## TASK DIRECTIONS
Write out again, exactly as they appear, the lines from the start of the data below through the line with "Lidé si seznam"; no pictures.

--- DATA PROVIDED Enclosed Below ---

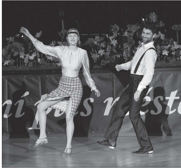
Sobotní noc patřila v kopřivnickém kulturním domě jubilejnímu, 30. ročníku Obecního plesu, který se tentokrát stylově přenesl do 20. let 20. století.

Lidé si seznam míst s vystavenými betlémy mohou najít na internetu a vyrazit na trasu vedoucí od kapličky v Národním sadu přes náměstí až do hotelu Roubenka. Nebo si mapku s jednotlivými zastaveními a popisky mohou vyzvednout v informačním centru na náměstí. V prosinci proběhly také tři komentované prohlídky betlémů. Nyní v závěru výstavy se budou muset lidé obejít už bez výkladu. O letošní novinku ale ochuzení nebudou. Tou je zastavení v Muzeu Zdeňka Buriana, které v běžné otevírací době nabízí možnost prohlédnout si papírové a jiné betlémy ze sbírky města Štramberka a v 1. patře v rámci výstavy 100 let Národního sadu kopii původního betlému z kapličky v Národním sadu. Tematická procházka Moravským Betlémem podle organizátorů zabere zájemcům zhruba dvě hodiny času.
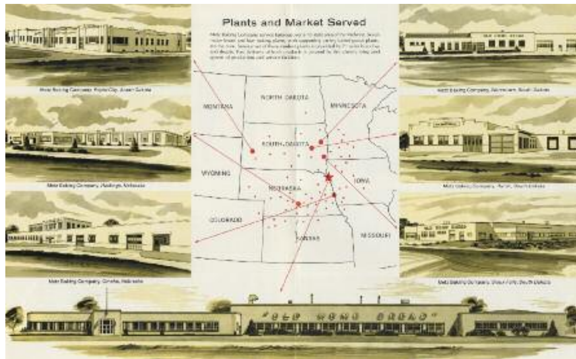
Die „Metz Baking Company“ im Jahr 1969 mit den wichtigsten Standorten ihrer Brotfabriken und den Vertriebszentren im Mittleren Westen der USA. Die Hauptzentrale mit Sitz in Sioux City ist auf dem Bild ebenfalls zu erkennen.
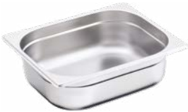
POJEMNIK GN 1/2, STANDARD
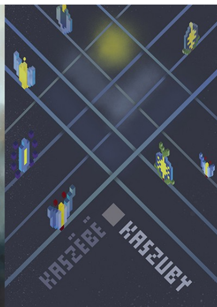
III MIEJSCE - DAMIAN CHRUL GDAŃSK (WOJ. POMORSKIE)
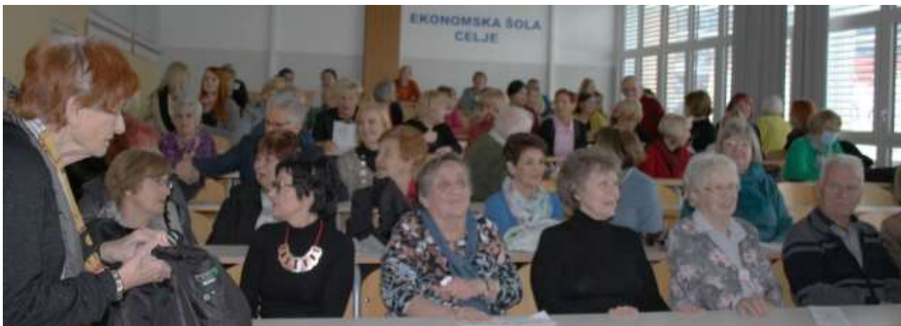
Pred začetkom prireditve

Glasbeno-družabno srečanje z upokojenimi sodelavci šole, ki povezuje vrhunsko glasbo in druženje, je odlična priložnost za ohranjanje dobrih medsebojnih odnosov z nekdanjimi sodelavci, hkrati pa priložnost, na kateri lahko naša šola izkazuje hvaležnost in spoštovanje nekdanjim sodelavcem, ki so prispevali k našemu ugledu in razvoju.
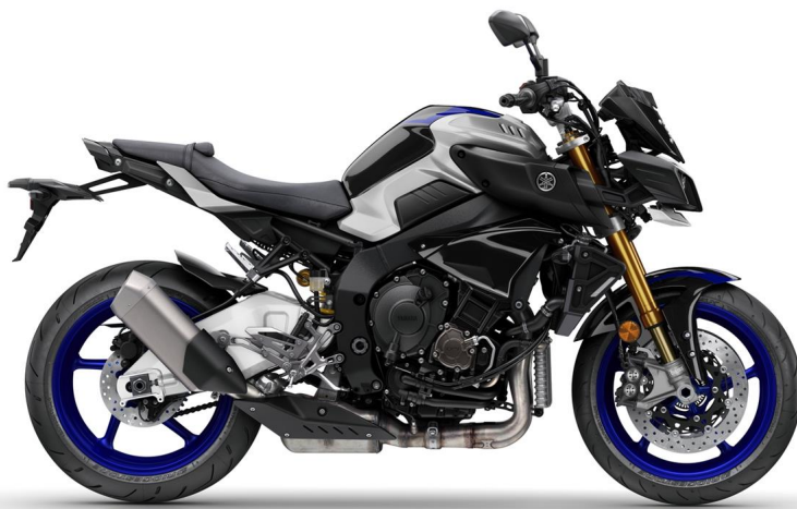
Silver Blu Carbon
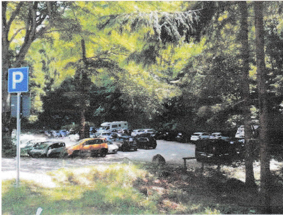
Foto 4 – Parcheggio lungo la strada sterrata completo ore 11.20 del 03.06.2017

--- End of Enclosed DATA PROVIDED ---

## PROBLEM SOLUTION
Sobotní noc patřila v kopřivnickém kulturním domě jubilejnímu, 30. ročníku Obecního plesu, který se tentokrát stylově přenesl do 20. let 20. století.

Lidé si seznam míst s vystavenými betlémy mohou najít na internetu a vyrazit na trasu vedoucí od kapličky v Národním sadu přes náměstí až do hotelu Roubenka. Nebo si mapku s jednotlivými zastaveními a popisky mohou vyzvednout v informačním centru na náměstí. V prosinci proběhly také tři komentované prohlídky betlémů. Nyní v závěru výstavy se budou muset lidé obejít už bez výkladu. O letošní novinku ale ochuzení nebudou. Tou je zastavení v Muzeu Zdeňka Buriana, které v běžné otevírací době nabízí možnost prohlédnout si papírové a jiné betlémy ze sbírky města Štramberka a v 1. patře v rámci výstavy 100 let Národního sadu kopii původního betlému z kapličky v Národním sadu. Tematická procházka Moravským Betlémem podle organizátorů zabere zájemcům zhruba dvě hodiny času.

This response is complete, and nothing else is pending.